Teufelsberg: Bei einer Konferenz sprachen Experten über die Zukunft des Areals
Grunewald. Verkauft für 2,5 Millionen D-Mark, jetzt 50 Millionen Euro teuer: Der Eigentümer des Teufelsbergs will das Land Berlin fürstlich zahlen lassen für die Nutzung einer 120 Meter hohen Erhebung aus Schutt. Gelangt das Gelände je wieder zurück in öffentliche Hand?
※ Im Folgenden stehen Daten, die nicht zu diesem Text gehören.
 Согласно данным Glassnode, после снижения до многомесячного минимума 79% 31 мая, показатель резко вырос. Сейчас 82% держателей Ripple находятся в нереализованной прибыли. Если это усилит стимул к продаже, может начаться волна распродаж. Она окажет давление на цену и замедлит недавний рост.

Seitdem es den Teufelsberg gibt, taugte er immer schon zur Inspiration für hochfliegende Ideen. Amerikanische Spione lauschten von hier aus in den Ostblock. Nach Beendigung des Kalten Kriegs erwarb ein Investor das Areal mit der Vorstellung, am Gipfel einen Hotel- und Tagungsbetrieb zu errichten. Und als er scheiterte, kam Kultregisseur David Lynch. Gemeinsam mit der Maharishi-Stiftung wollte er hier eine Bildungsstätte für Transzendentale Meditation erbauen – und Menschen dazu bringen, dass sie mit der Kraft ihrer Gedanken fliegen.
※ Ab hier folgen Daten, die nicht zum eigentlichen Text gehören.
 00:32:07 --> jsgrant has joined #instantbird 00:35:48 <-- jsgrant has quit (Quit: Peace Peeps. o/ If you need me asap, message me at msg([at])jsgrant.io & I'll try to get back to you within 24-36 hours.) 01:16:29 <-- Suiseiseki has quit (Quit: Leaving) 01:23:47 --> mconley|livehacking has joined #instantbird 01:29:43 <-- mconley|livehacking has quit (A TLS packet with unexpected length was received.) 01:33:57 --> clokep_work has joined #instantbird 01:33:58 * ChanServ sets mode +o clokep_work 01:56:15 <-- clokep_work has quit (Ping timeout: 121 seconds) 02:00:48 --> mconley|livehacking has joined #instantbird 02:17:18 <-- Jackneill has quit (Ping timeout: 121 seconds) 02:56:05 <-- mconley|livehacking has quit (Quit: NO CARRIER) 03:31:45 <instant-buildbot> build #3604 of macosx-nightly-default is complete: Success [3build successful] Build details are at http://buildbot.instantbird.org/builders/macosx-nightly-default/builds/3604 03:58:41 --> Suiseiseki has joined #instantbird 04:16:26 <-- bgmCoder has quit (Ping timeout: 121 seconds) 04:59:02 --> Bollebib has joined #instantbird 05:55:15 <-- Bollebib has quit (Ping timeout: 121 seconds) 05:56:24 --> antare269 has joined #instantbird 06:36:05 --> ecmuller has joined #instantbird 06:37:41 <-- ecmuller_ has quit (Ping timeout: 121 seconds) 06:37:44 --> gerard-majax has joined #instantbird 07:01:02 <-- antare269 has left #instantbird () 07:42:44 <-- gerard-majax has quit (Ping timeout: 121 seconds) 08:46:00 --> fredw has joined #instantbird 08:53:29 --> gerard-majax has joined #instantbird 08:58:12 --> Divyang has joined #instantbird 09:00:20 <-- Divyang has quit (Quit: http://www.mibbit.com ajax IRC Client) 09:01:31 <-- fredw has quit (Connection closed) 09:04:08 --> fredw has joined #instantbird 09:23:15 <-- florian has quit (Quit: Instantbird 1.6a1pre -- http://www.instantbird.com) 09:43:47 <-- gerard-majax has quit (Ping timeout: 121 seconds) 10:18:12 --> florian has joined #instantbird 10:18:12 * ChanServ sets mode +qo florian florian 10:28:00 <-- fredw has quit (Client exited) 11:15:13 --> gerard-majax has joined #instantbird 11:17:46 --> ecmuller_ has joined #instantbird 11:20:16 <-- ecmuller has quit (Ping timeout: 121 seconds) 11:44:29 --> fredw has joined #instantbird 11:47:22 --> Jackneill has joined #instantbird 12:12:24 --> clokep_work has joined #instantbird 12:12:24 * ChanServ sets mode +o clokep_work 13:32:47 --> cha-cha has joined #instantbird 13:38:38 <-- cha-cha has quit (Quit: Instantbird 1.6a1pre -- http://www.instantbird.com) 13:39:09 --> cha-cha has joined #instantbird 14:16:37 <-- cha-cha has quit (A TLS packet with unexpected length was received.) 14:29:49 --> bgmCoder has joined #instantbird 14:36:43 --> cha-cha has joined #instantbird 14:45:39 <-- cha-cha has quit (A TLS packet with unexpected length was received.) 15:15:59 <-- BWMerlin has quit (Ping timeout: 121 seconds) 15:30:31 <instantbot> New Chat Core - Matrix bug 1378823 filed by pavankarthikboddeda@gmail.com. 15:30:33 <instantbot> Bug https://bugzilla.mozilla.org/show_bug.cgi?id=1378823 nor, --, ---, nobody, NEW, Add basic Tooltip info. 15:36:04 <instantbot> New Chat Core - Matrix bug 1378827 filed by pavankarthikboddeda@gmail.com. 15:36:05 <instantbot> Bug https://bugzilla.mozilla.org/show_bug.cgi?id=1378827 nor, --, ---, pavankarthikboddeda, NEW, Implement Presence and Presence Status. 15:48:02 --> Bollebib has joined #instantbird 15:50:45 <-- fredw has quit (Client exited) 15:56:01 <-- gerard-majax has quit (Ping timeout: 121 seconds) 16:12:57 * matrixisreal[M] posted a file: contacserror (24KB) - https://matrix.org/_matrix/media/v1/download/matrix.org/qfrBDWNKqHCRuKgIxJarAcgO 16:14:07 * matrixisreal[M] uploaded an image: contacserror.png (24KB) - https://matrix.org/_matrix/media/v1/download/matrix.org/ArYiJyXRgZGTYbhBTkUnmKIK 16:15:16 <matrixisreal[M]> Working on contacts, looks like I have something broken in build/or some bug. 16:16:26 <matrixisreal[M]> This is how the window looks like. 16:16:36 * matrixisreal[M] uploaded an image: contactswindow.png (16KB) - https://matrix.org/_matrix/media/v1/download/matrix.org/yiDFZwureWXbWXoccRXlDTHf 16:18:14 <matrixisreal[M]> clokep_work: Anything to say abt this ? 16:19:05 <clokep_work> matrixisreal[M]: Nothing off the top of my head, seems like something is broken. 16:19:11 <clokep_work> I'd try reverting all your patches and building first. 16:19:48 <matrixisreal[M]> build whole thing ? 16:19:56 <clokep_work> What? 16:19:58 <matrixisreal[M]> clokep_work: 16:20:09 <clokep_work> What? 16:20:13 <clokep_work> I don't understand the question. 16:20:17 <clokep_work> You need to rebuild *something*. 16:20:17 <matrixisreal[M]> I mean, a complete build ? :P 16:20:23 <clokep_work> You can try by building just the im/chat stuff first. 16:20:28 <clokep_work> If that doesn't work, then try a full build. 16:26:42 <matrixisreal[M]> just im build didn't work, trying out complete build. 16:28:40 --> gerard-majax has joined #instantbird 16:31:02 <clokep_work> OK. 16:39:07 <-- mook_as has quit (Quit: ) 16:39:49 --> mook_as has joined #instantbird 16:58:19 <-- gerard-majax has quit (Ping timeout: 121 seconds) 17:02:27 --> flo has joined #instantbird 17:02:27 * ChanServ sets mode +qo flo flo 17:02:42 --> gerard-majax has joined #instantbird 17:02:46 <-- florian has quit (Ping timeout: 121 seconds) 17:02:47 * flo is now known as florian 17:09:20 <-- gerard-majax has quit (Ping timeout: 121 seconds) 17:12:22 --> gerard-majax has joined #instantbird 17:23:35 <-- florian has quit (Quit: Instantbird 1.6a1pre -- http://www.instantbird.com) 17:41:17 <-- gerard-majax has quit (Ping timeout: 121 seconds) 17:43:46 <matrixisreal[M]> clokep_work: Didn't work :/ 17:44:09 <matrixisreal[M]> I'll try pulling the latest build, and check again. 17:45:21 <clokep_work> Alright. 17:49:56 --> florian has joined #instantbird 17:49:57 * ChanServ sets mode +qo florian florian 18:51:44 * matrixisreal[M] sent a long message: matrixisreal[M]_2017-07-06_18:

Der Berg ist Teil des Waldes
Sehr bodenständig mutete daneben eine aktuelle Diskussion des Aktionsbündnisses Teufelsberg und des Naturschutzzentrums Ökowerk an. Seit dem Platzen der Investorenträume steht inzwischen fest: Auf der Erhebung wird definitiv nichts mehr gebaut – weil ein geänderter Flächennutzungsplan es verbietet. "Der Berg ist Grünfläche und Teil des Berliner Waldes“, erinnerte Hartwig Berger vom Ökowerk an die entscheidende Tatsache. Und da man den Berliner Wald nicht bebauen darf, ist der Berg für Investoren nichts wert. Im krassen Gegensatz dazu steht aber der Kaufpreis: 15 Millionen Euro, zuzüglich 35 Millionen Euro Grundschulden, müsste das Land dem Eigentümer bezahlen, um das Gebiet wieder in öffentlichen Besitz zu bringen.
Fast alle Redner des Abends waren sich einig: Der Berg ist zu teuer für Berlin. Eine solche Wucherofferte solle der Regierenden Bürgermeister Michael Müller (SPD) nicht belohnen. „Das ist eigentlich öffentliche Fläche – und sie hat im Privateigentum nichts mehr zu suchen“, beschwerte sich der SPD-Angeordnete Daniel Buchholz, der in früheren Jahren auf die Festsetzung als Grünfläche gedrungen hatte. Im Vorfeld der Berlin-Wahl im September bekannte er sich wie alle anderen politischen Gäste an diesem Abend zur Öffnung des Teufelsbergs für jedermann, zum Rückbau der ehemaligen „Field Station“ bis auf deren Turm und zu einer Geschichtspräsentation an diesem Ort – möglicherweise in einem Museum. Eben diese Forderungen hatte ursprünglich das Aktionsbündnis um Hartmut Kenneweg in die Welt gesetzt. „Das Areal muss wieder zugänglich werden. Das ist Konsens“, hielt Kenneweg fest.
Folgenschwerer Fehler
Dass die jetzige Situation beim Verkauf Mitte der 90er nicht bedacht wurde, hält die Grünen-Abgeordnete Nicole Ludwig für einen folgenschweren Fehler. „Es ging darum, schnell die Kasse zu füllen. Aber eine Rückabwicklung des Geschäfts hat man damals nicht geregelt. Das kann man jetzt nicht einfach heilen, indem man es sich wünscht“, bedauert Ludwig. Sie fordert eine Renaturierung, Stätten zur Erinnerung an das Gestern und ein Café für den Zeitvertreib von heute – „auch eine kleine touristische Nutzung wäre akzeptabel.“ Als Vorbild könnten die ebenfalls brachliegenden Beelitzer Heilstätten dienen. Hier entstand mit der Schaffung eines Baumwipfelpfads eine neue Attraktion.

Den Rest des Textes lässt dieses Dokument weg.